Blank disk is for setting the antiskating, or more precisely put the total lack or absence of, in setting up self propelled linear tracking arms ONLY, be it air or roller bearing type. These arms, particularly air bearing with next to no friction ( wiring is the limit and !"#$%&/())==?* ( curse outdoing anything in English language ) of linear arms ) are far better spirit levels than anything else, and will tend to skate outwards or inwards if TT is not levelled to the n-th degree. In fact, they are used to level TTs ... This, of course, if the lateral geometry with the linear tracking arm is PERFECT - no visible error across the entire playing surface. Else, there are vectors also affecting "antiskate" - do not try to "fudge" slight geometry error with "leveling" - make it right !
Antiskating is ALWAYS a compromise. The higher VTF required, the more inevitable antiskating errors are pronounced >>>>>>>> linear arms.

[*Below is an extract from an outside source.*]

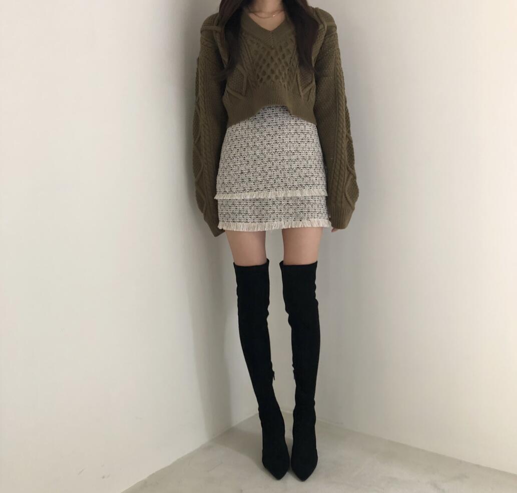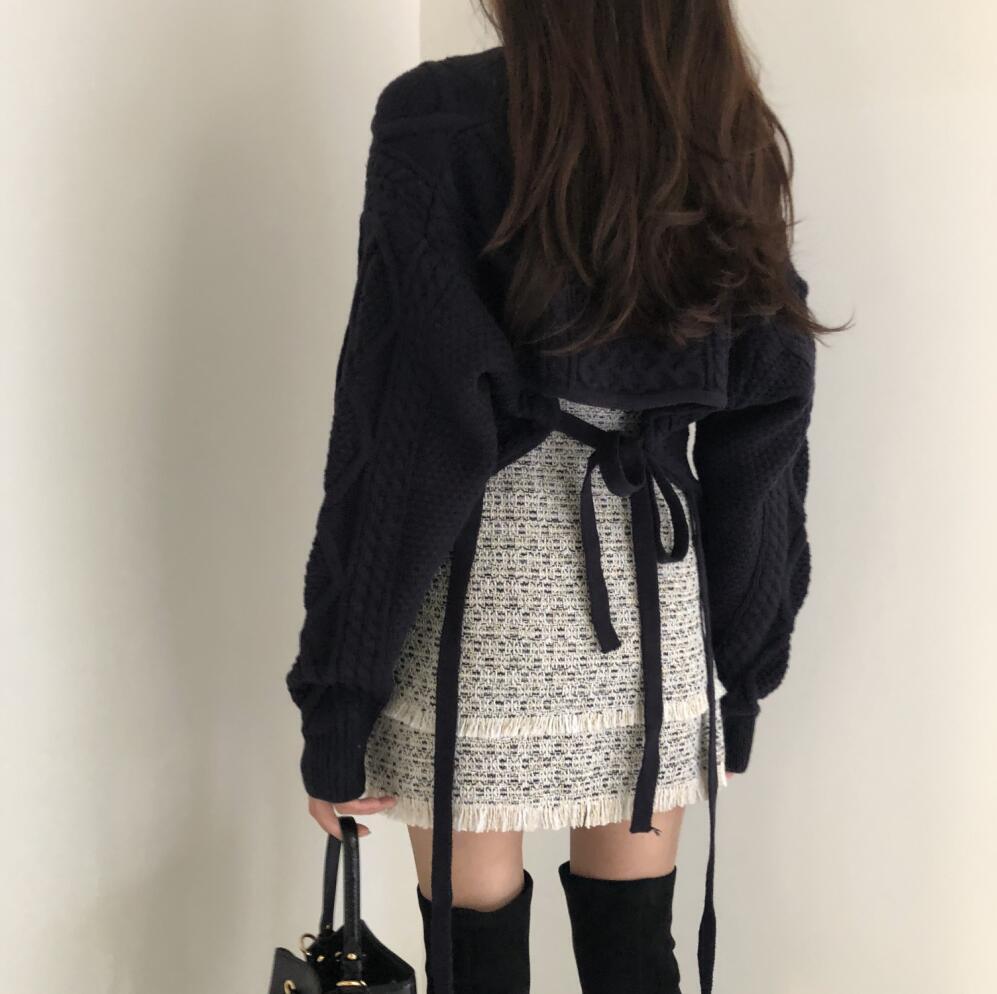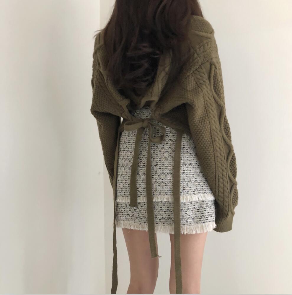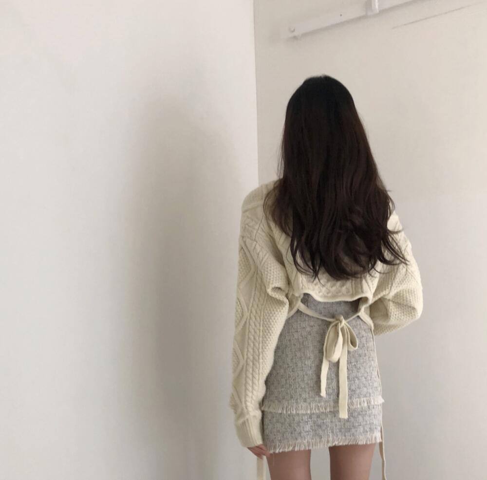 送料無料 秋新作 韓国ファッション アランケーブルVネックショート丈ニットセーター レディース 春秋冬 トップス グリーン ブラック ベージュ

At up to say 1.2 gram (12 mN to be exact ) it is kind of OK, above that it starts to rear its ugly head and becomes audible. It depends on the stylus shape, cartridge suspension, tracking error, etc, etc - and can only be adjusted correctly with the aid of a good test record, such as oft cited HiFiNews HFN test record
http://www.vinylengine.com/hfn-002-test-lp.shtml. There is a catch & dillema only you can decide what to do : in order to be able to track the high(er) levels of the modulation at 300 Hz ( which became the standard frequency for tracking purposes ), particularly the highest +18dB track, you will usually have to apply FAR more antiskating. It is needed only for the short durations of peaks, less than 1% of the playing time - but will pull towards outside , skewing the central position of your cantilever towards inside and increase the stylus wear on the right channel side 100 % of the time. My decision is to decrease the antiskate low enough that there is no "morse-code" type of mistracking of the right channel at the highest level cartridge can still play within or slightly above the VTF limits as prescribed by the manufacturer - but do not push for completely clean signal in both channels at the highest level track.
See why I ultimately grew to prefer linear trackers? - NO such compromise involved. Sometimes, you can have your cake and eat it too.